Segment Open

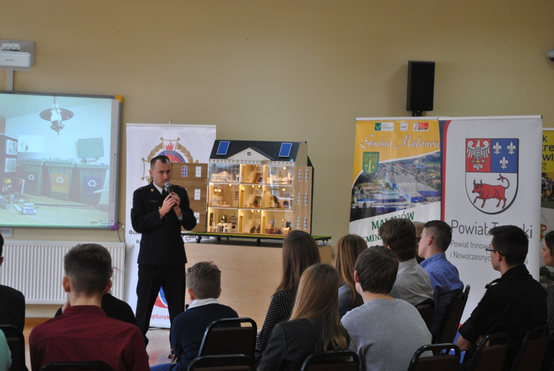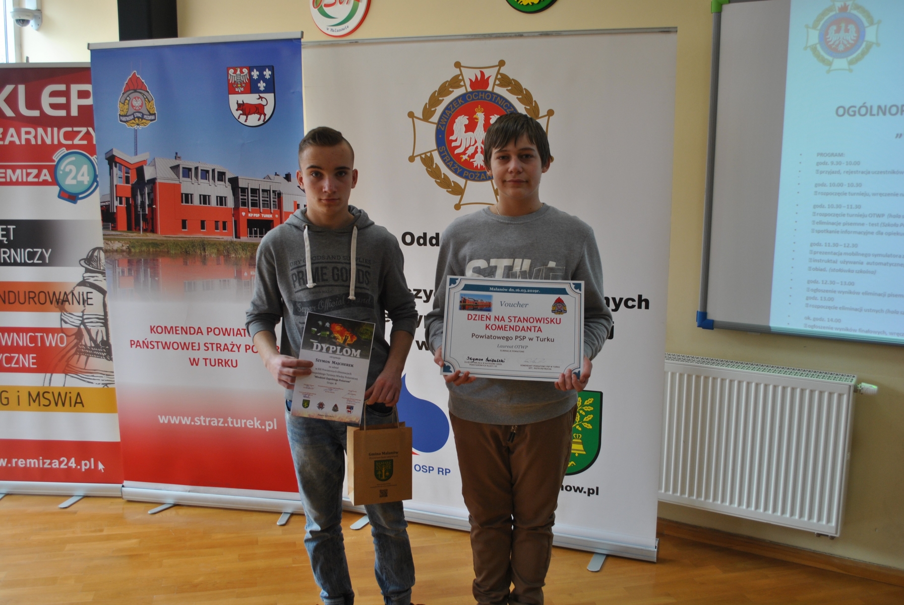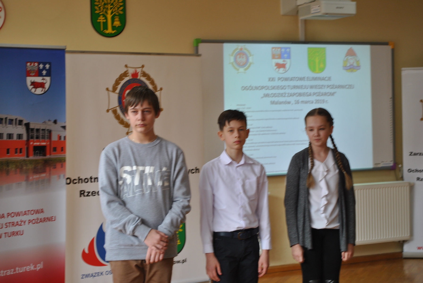 W sobotę 16 marca 2019r. w Malanowie odbyły się powiatowe eliminacje Ogólnopolskiego Turnieju Wiedzy Pożarniczej "Młodzież zapobiega pożarom". W turnieju wzięli udział zwycięzcy gminnych eliminacji ze szkół podstawowych, gimnazjów i szkół średnich z powiatu tureckiego. Szkołę Podstawową w Malanowie reprezentowali: Szymon Świtalski - uczeń klasy VI i Szymon Majcherek - uczeń klasy VIII. Uczestnicy rozwiązywali test składający się z 30 pytań. Po podsumowaniu punktacji z części pisemnej wyłoniono troje uczestników, którzy przystąpili do części ustnej konkursu. Do tego etapu zakwalifikował się Szymon Świtalski. Okazało się, że Szymon zajął I miejsce. Bedzie on reprezentował naszą szkołę i powiat w eliminacjach wojewódzkich, które odbędą się 27 kwietnia 2019r. w Koninie.
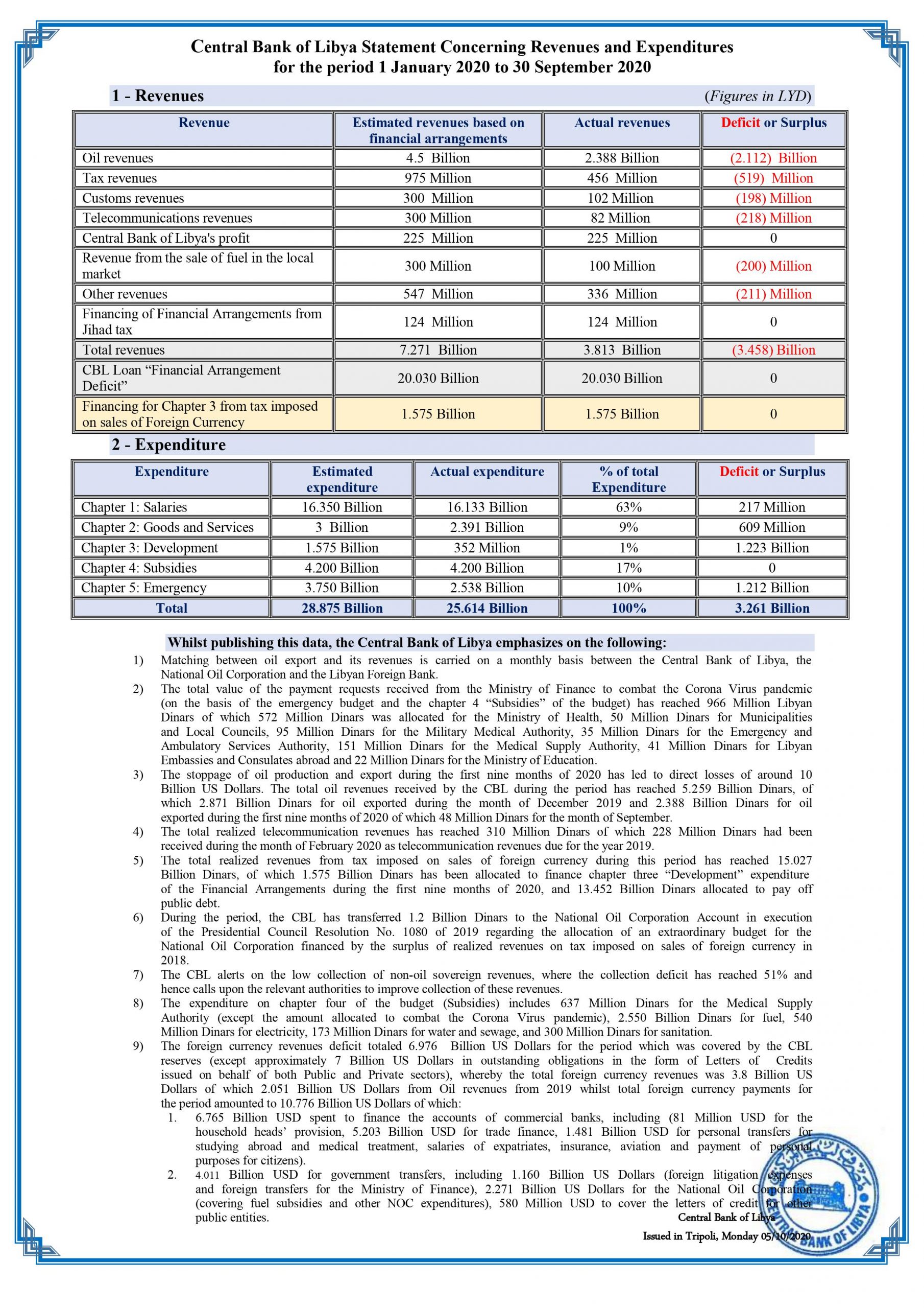 Central Bank of Libya Statement concerning Revenues and Expenditures for the period 1 January to 30 September 2020, along with the foreign currency sales for commercial banks (in USD) for the same period.
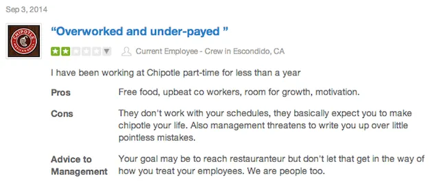 根据外部指标,例如工作网站 Glassdoor.com,该网站收集员工的匿名信息,Chipotle 的评分为 3.4 分(满分 5 分),略高于其餐饮服务同行(平均 3.2 分)。在 Glassdoor 上,Chipotle 的员工最常赞扬免费的食物,同时批评低工资和快节奏的环境。这种紧张的节奏与一位在暂时关闭的宾州州立大学地点的前经理的投诉相呼应,他告诉博客 Onwardstate.com,工作时常常是 10 小时或 12 小时没有吃饭的休息。
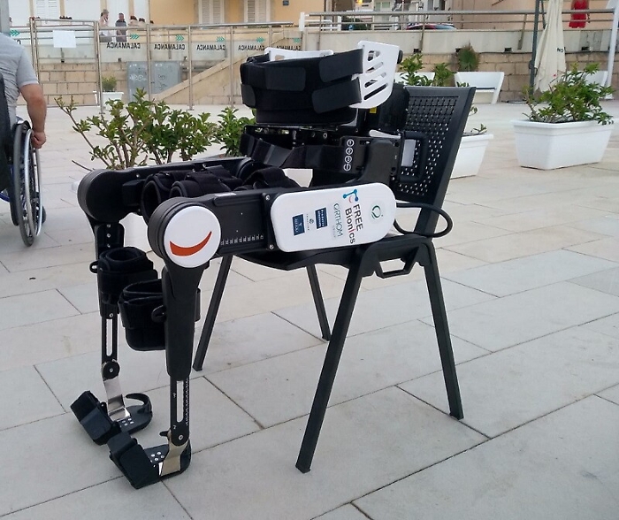«L’esoscheletro Free Walk – ha spiegato Mattia Corsi – è uno strumento adatto per soggetti con lesione midollare grave, completa o incompleta, che può essere utilizzato a seguito di lesioni da C7 in poi (cioè dalla settima vertebra e che mantengono l’uso delle braccia).  Questo modello, molto leggero (appena 20 chili), è utilizzabile in soggetti da 1,50 a 1,90 metri di altezza, con  un peso al di sotto dei 100 chili. È molto flessibile, facile da manovrare e, per pazienti attivi, può consentire una camminata fino a 4 chilometri orari. Dopo un percorso di riabilitazione personalizzato, sarà possibile, per il paziente, l’utilizzo dell’esoscheletro con maggiore autonomia».
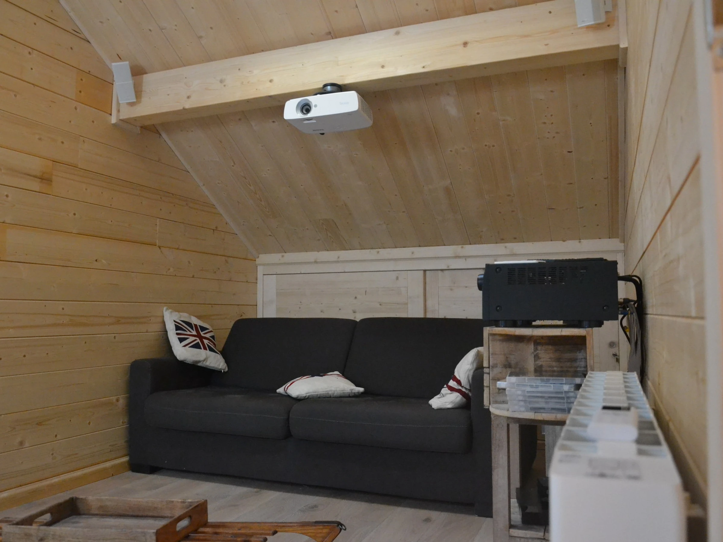 Dormitorio 3 (Planta +1/12 m²): 1 sofá cama doble (140 x 190 cm) + home cinema/videoproyector
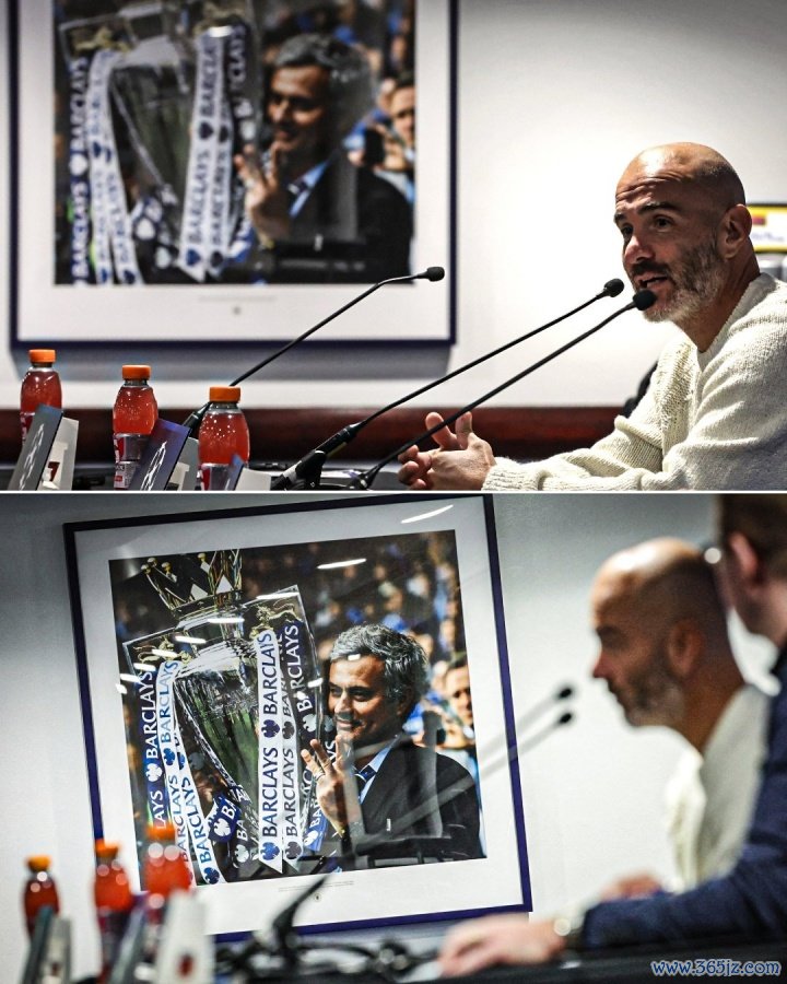 外传回家!马雷斯卡发布会现场,墙上的像片恰是穆帅英超第3冠

Segment Closed

Omit every picture while printing the data word for word.

• **Written solution**
 W sobotę 16 marca 2019r. w Malanowie odbyły się powiatowe eliminacje Ogólnopolskiego Turnieju Wiedzy Pożarniczej "Młodzież zapobiega pożarom". W turnieju wzięli udział zwycięzcy gminnych eliminacji ze szkół podstawowych, gimnazjów i szkół średnich z powiatu tureckiego. Szkołę Podstawową w Malanowie reprezentowali: Szymon Świtalski - uczeń klasy VI i Szymon Majcherek - uczeń klasy VIII. Uczestnicy rozwiązywali test składający się z 30 pytań. Po podsumowaniu punktacji z części pisemnej wyłoniono troje uczestników, którzy przystąpili do części ustnej konkursu. Do tego etapu zakwalifikował się Szymon Świtalski. Okazało się, że Szymon zajął I miejsce. Bedzie on reprezentował naszą szkołę i powiat w eliminacjach wojewódzkich, które odbędą się 27 kwietnia 2019r. w Koninie.
 Central Bank of Libya Statement concerning Revenues and Expenditures for the period 1 January to 30 September 2020, along with the foreign currency sales for commercial banks (in USD) for the same period.
 根据外部指标,例如工作网站 Glassdoor.com,该网站收集员工的匿名信息,Chipotle 的评分为 3.4 分(满分 5 分),略高于其餐饮服务同行(平均 3.2 分)。在 Glassdoor 上,Chipotle 的员工最常赞扬免费的食物,同时批评低工资和快节奏的环境。这种紧张的节奏与一位在暂时关闭的宾州州立大学地点的前经理的投诉相呼应,他告诉博客 Onwardstate.com,工作时常常是 10 小时或 12 小时没有吃饭的休息。
«L’esoscheletro Free Walk – ha spiegato Mattia Corsi – è uno strumento adatto per soggetti con lesione midollare grave, completa o incompleta, che può essere utilizzato a seguito di lesioni da C7 in poi (cioè dalla settima vertebra e che mantengono l’uso delle braccia).  Questo modello, molto leggero (appena 20 chili), è utilizzabile in soggetti da 1,50 a 1,90 metri di altezza, con  un peso al di sotto dei 100 chili. È molto flessibile, facile da manovrare e, per pazienti attivi, può consentire una camminata fino a 4 chilometri orari. Dopo un percorso di riabilitazione personalizzato, sarà possibile, per il paziente, l’utilizzo dell’esoscheletro con maggiore autonomia».
 Dormitorio 3 (Planta +1/12 m²): 1 sofá cama doble (140 x 190 cm) + home cinema/videoproyector
 外传回家!马雷斯卡发布会现场,墙上的像片恰是穆帅英超第3冠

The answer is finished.